Mais recentemente, acompanhando uma amiga, mencionei a Ketut que vira na Internet o trailer do filme Comer, rezar, amar, e na mesma hora ele me pediu que o passasse para ele. O filho Nyoman foi nos preparar uma xícara do forte café balinês (sempre servido sem filtrar, com o pó grosso enchendo o fundo da caneca) enquanto eu ia até uma lan house próxima carregar o trailer do filme no laptop.
 
Comer, rezar, amar
 
Ketut assistiu, com vivo interesse, ao começo do trailer, em que o ator que o representa faz a previsão para Julia Roberts: “Você viverá muito tempo [...] Perderá todo o seu dinheiro [...] Não se preocupe, vai recuperar tudo e retornará a Bali, e então vou lhe ensinar tudo o que sei.” O ator abre um sorriso amplo e quase desdentado bem parecido com o de Ketut.
 
Este me pede que repasse o trailer algumas vezes e observa: “Foram essas palavras mesmo que falei para a mulher de Nova York.” Ele quer dizer
Elizabeth Gilbert, cujo nome nem sempre consegue lembrar, muito embora tenha passado meses com ela, e visitantes tenham lhe dado exemplares do livro em todas as traduções disponíveis.
 
Então, ele desvia a atenção da tela do computador e, com os olhos brilhantes, pergunta: “Por que não me usaram?
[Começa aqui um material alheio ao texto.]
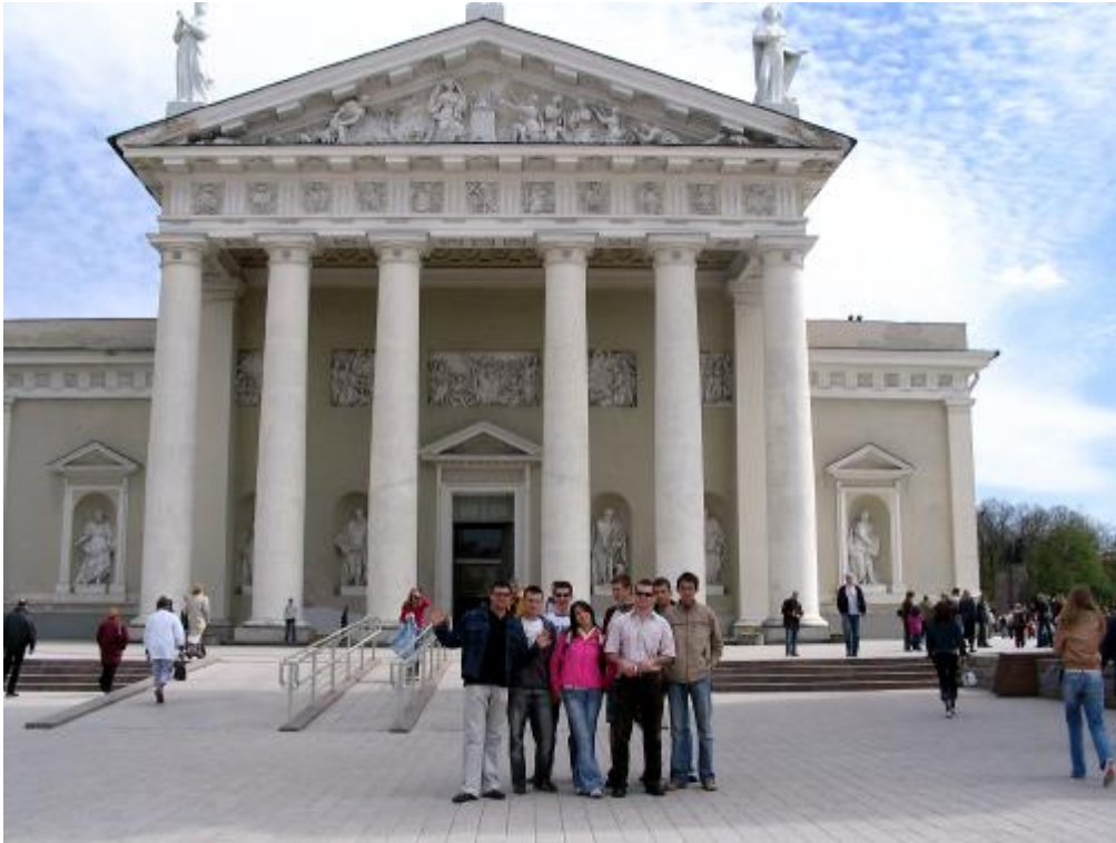
Przed jednym ze zwiedzanych kościołów w Wilnie.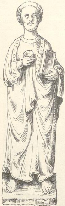
Fig. 291. (Schüttenitz.)

Fig. 292 Reliefs an der rechten Seite des Hauptfensters, Fig. 293 Reliefs an der linken Seite, Fig. 294 der Tempelstein.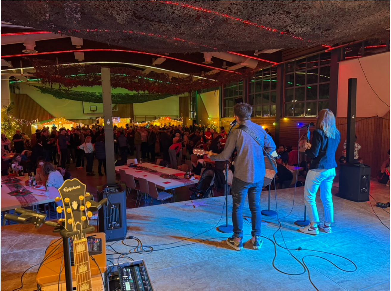
L & L Acoustics, die mit ihrem Auftritt wieder für entsprechende Stimmung sorgen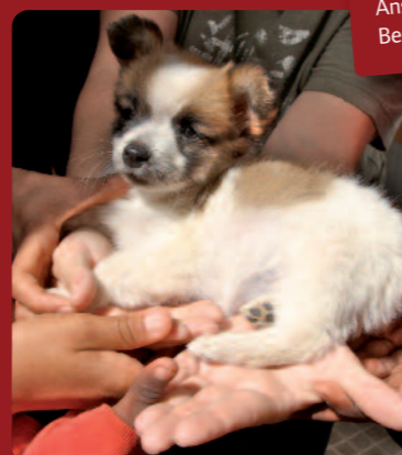
Hand in Hand – viele Nationalitäten arbeiten perfekt miteinander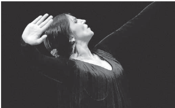
Cartel promocional de la exposición. VIVA

ARCHIDONA | La VII Bienal de Arte Flamenco de Málaga tributa con un homenaje de admiración y cariño al aficionado, fotógrafo y crítico de flamenco José Ramón Zapata Chacón - utilizó, que utilizó el sobrenombre de Zacha para firmar sus imágenes-, y el cual falleció en diciembre de 2019 en Fuengirola (Málaga).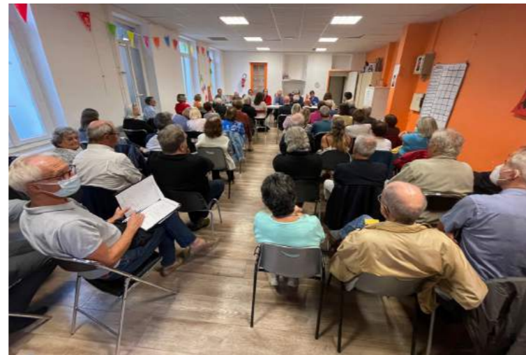
Vue de l'assistance

« La Ville de Marseille et la Mairie du 6/8 souhaitent rénover leurs parcs et jardins, dont le Parc Bonneveine, en intégrant une démarche de participation des usagers, pour faire de Marseille une ville plus verte et plus harmonieuse. »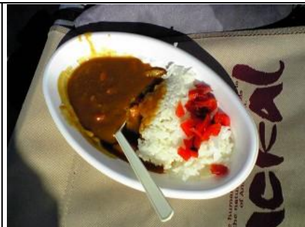
でも... ちゃんと「お弁当付」(喜)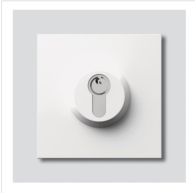
Schloss-Modul SM 611-01 W 200019404-01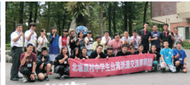
台湾派遣交流事業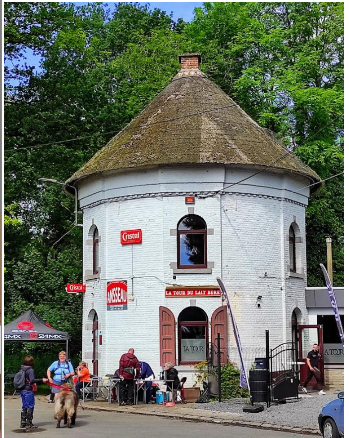
La Tour du Lait Buré

Sou muito mais bonito.” Na verdade, a pergunta é séria.
 
Ketut, o mais longe possível de Hollywood, não entende direito por que não poderia ser ele ali na tela. Tentei explicar que ser ator é muito tedioso, tendo de repetir as mesmas frases várias vezes o dia inteiro; é um serviço muito diferente de ser “Homem Santo”. Também digo que, normalmente, as pessoas não representam a si mesmas no cinema, ressaltando que “a mulher de Nova York” era representada por Julia Roberts. Ketut ainda não está completamente convencido. Para ele, esse é literalmente o papel que nasceu para desempenhar.
 
A sabedoria da felicidade
 
O sol já está se pondo e esse homenzinho mágico lê a mão de duas senhoras americanas. Escuto-o descrever um futuro parecido com o que previu para Elizabeth Gilbert:
 
“Agora você vai encontrar alguém para o resto da vida, que ficará muito feliz de estar com você, e não vai se divorciar de novo.” Os olhos delas brilham, do mesmo jeito que os meus devem ter brilhado durante a primeira visita.
 
O sucesso não traz necessariamente felicidade, mas a felicidade em si cria o sucesso. Acho que esse ditado é verdadeiro no caso de Ketut. A cada encontro, percebo que a maior parte das minhas expectativas originais, vindas das páginas de Comer, rezar, amar, era bastante equivocada. A alegria e o contentamento profundos de Ketut empolgam os visitantes e são como um estímulo para que busquemos concretizar as nossas aspirações, como fez a Elizabeth Gilbert.
 
A real magia de Ketut tem base em uma propriedade muito mais sutil e aparentemente humana: a sabedoria da felicidade.